Medication-related errors are common, can cause high-severity injuries, and may be costly. Many organizations have made reducing these errors top priority, including the World Health Organization (WHO). In our Candello Report, Medication-related Malpractice Risks, we examine the impact—financial and human—and root causes of medication-related errors.
Every medical malpractice case presents unique circumstances, but a collection of similar cases can reveal a common story of what goes wrong."—Candello Report, Medication-related Malpractice Risks
KEY FINDINGS FROM THE REPORT
This Report examined 3,067 medication-related malpractice cases asserted from 2010–2014. When compared to non-medication events, medication-related malpractice cases involve a larger percentage of deaths and close more frequently with an indemnity payment. Services responsible for most medication errors include general medicine (22%), nursing 13%), orthopedic surgery (5%), and emergency medicine (5%).
Key findings include:
- Primary care providers and hospital-based nurses are particularly at risk
- 32 percent of medication-related malpractice cases involve a patient death, compared with 18 percent of all other cases
- Top medications involved in claims were analgesics (18 percent), anticoagulants (17 percent) and antibiotics (13 percent)
MEDICATION PROCESS
Each step in the medication process—ordering, dispensing, administering, and managing—presents unique risks to providers and their patients, and the 11 percent of cases in which the patient experienced failures in multiple steps demonstrate how intertwined the process can become.
Ordering Errors: From the point a decision is made to order/prescribe a medication until that order is received by the pharmacy or other dispensing service. Examples:
- The clinician ordered the wrong medication for the patient’s condition
- The clinician ordered a medication contraindicated by a patient’s known allergy
Dispensing Errors: From the point the order is received by the dispensing service until it is administered to the patient. Examples:
- The pharmacy dispensed the wrong medication, dosage, or composition
- The pharmacy incorrectly prepared the medication
Administering Errors: The act of delivering the right medication to the right patient in the right dose via the right route at the right time. Examples:
- A prescribed medication was administered to the wrong patient
- A prescribed medication was not administered on schedule, or at all
Monitoring and Management Errors: From the point the patient receives a medication, including renewals, until he or she is no longer taking it. Examples:
- A patient’s adherence to his/her medication regimen was inadequately monitored/assessed
- A patient’s physiological response to new, changed, or short-term medications was inadequately monitored/assessed
Analyzing medical malpractice data enables organizations to identify opportunities along the medication process for improvement to reduce medication-related patient safety risks. To understand the contributing factors involved in each step of the medication process, download the full report.

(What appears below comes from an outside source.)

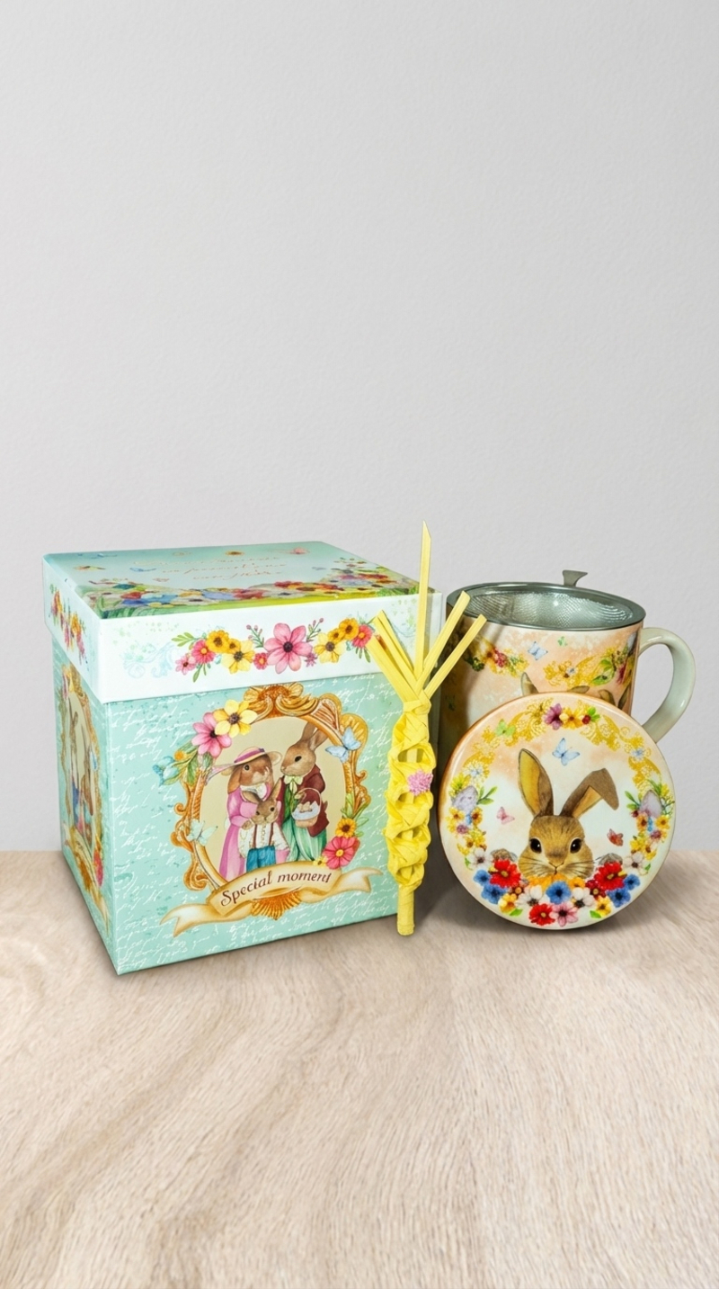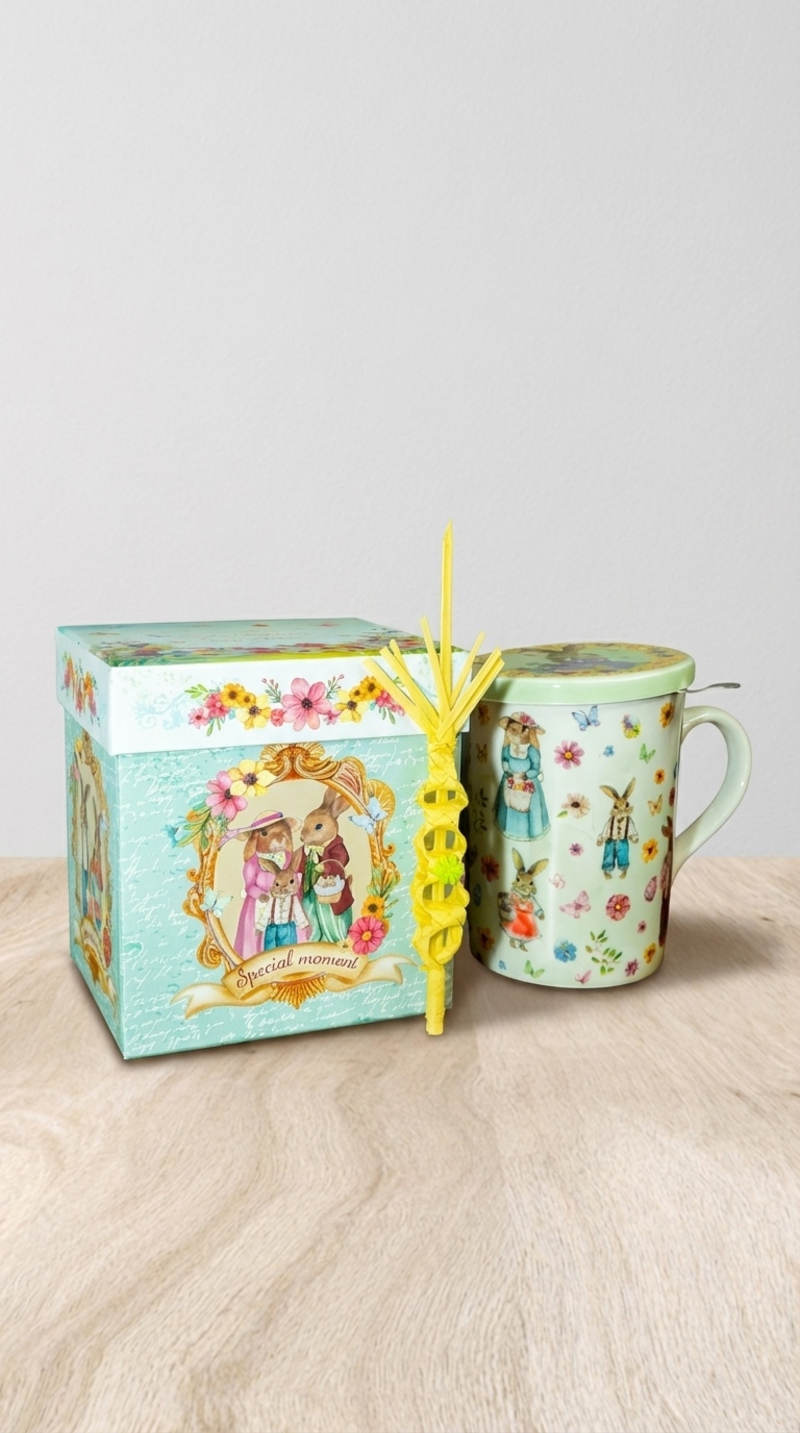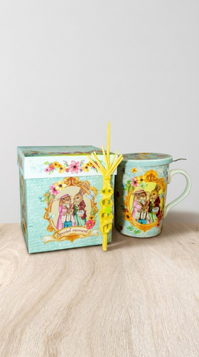 Estas preciosas tazas de infusiones serán la delicia de tus padrinos, con una presentación espectacular en una elegante caja con motivos de Pascua,que también incluye una palma natural pequeña.

“There has been a greater willingness to see improving the medication process as a multidisciplinary effort. Errors are not a “prescriber” problem, nor a “pharmacy” problem, nor a “nursing” problem: everybody owns the problem because there are opportunities for errors and harm in medication management.” Frank Federico, RPH | Institute for Healthcare Improvement
WHAT WORKS: MITIGATING MEDICATION-RELATED RISKS
Several efforts to reduce medication-related adverse events have been implemented across a variety of health care systems or developed by organizations like the Centers for Disease Control (CDC) which are highlighted in the Candello Report. They include:
- Pain Medication Management: Professional liability insurers, MMIC and UMIA, part of Constellation, identified medication-related vulnerabilities among nearly 20 percent of their medical malpractice claims and worked with their insureds to develop risk mitigation programs.
- Re-engage Patients in Anticoagulation Treatment Plans: Beth Israel Deaconess Medical Center (BIDMC) implemented a program to re-engage patients who are not following their treatment plans.
- CDC Antibiotics Stewardship Programs: The CDC has a program that focuses on antimicrobial therapy and ways to reduce unnecessary use of antibiotics through antibiotic stewardship.
- Educating providers and patients: Institute for Safe Medication Practices (ISMP), now affiliated with ECRI, works to prevent medication error through medication safety publications for health care professionals and consumers.
- Putting a stop to inadvertent medication discontinuation: Main Line Health System identified an opportunity for improvement associated with automated stop orders on routine medications.
National leaders in patient safety who contributed to the Report include, Frank Federico, RPH, Vice President, Institute for Healthcare Improvement, Michael Cohen, RPh, President, Institute for Safe Medication Practices, David Bates, MD, Senior Vice President & Chief Innovation Officer, Brigham & Women’s Hospital, and Argin Srinivasan, MD, FSHEA, Associate Director for Healthcare Associated Infection Prevention Programs, Centers for Disease Control and Prevention.